David Kadavy

David Kadavy is author of Mind Management, Not Time Management, The Heart to Start & Design for Hackers.

Posts from the Newsletter Category

LM: #300: Self-knowledge is self-discipline

January 27, 2025

Self-discipline has a reputation as a battle of wills.

Supposedly, the self-disciplined person doesn’t want to do various unpleasant things, but is strong enough to overcome that.

People who know me well think I’m disciplined. I write books, run a business that requires self-motivation, stick to a strict diet, and keep an exercise routine.

But I don’t think I’m any better at doing what I don’t want than anyone else. If anything, I’m worse.

One source of “self-discipline” I’m pretty good at is self-knowledge. That is, I’m pretty good at predicting how and why my actual behavior will deviate from my intentions.

So, I set intentions I have a pretty good chance of following through on. I know what I like and don’t, how various activities sap and replenish my energy, and my threshold for burnout. I pick goals within those limits.

But I also know that even when I work within my limits, I won’t always do what I intend. So I don’t beat myself up over it, and design my environment and schedule so that when I mess up, the damage will be limited. For example, the “grippy and slippy” tools and weekly energy-based schedule I talk about in Mind Management, Not Time Management.

Self-discipline isn’t doing the unpleasant through force of sheer will, but rather knowing oneself well enough to predict where you’ll fall off-track, then setting up the right guardrails ahead of time.

Aphorism: “The rate of interest is a quantitative measure of the general discounting of future pleasures. If the prospect of spending $1000 a year hence were as delightful as the thought of spending it today, I should not need to be paid for postponing my pleasure.” —Bertrand Russell

Cool: This Huberman Lab Podcast interview on pthalates with Dr. Shanna Swan, will give you a sane view of the effects of plastics on our hormonal health.

Best,
David
P.S. Speaking of following through, this is the 300th Love Mondays email! Thank you for sharing with your friends!

LM: #299: Creative tensegrity

January 20, 2025

When I get stuck on a creative project, I grab this toy off my bookshelf.

This toy perfectly represents what I’m trying to achieve with any creative project. It’s a demonstration of a concept called tensegrity. Tensegrity is a portmanteau of “tension,” and “integrity.”

This bridge is a tensegrity structure.

Wikipedia: Paul Guard

NASA is experimenting with tensegrity to build a robot to explore other planets.

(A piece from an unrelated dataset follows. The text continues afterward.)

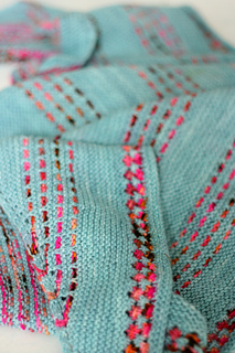 It uses variegated yarn broken up by slipped stitches and ends with a few rows of daisy stitches. Pick your favorite variegated sock yarn, put it with a pretty main color and have some fun!

Tensegrity structures use a combination of compressive strength and tensile strength to hold themselves together. The human body is somewhat of a tensegrity structure, with rigid bones held together by flexible muscles and tendons.

I think of creative projects as tensegrity structures. The rigid elements are the constraints of the project. These could be practical constraints such as the laws of physics, budget, or time available, or constraints of a medium or genre, such as that films are thirty frames per second or self-help books tend to be about 250 pages.

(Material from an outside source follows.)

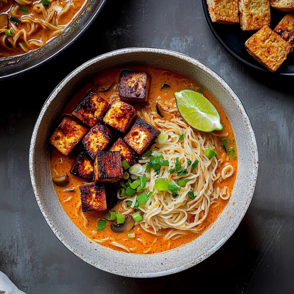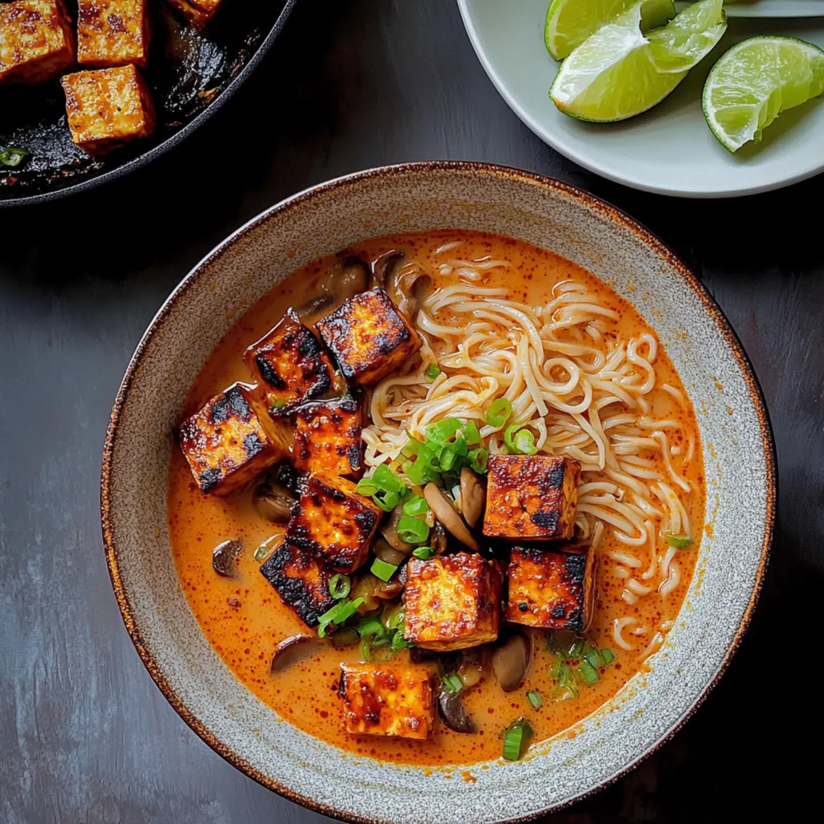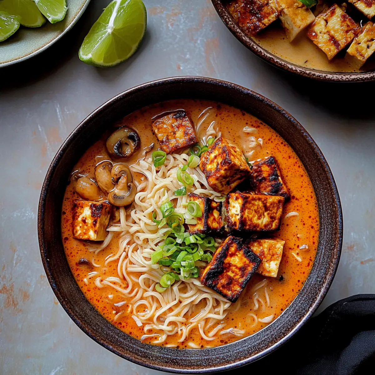 - Once the noodles are cooked to perfection, ladle generous amounts of broth and noodles into serving bowls. Top each bowl with a portion of the crispy tofu and sautéed mushrooms. Garnish with lime wedges, chopped green onions, and a sprinkle of sesame seeds.

The flexible elements are the choices you make within those constraints. The same way flexible elements in a tensegrity structure pull against one another, the choices you make in creative projects have trade-offs. Like if you write a character who’s obsessive, it will feel wrong if he has a calm demeanor, unless you balance that contradiction. For example, he has a calm demeanor only when he’s on a stage and feels like he’s finally in control.

You don’t build a tensegrity structure brick-by-brick, as you might do the bookkeeping for your business. Instead, you must iterate and find the right balance between compression and tension.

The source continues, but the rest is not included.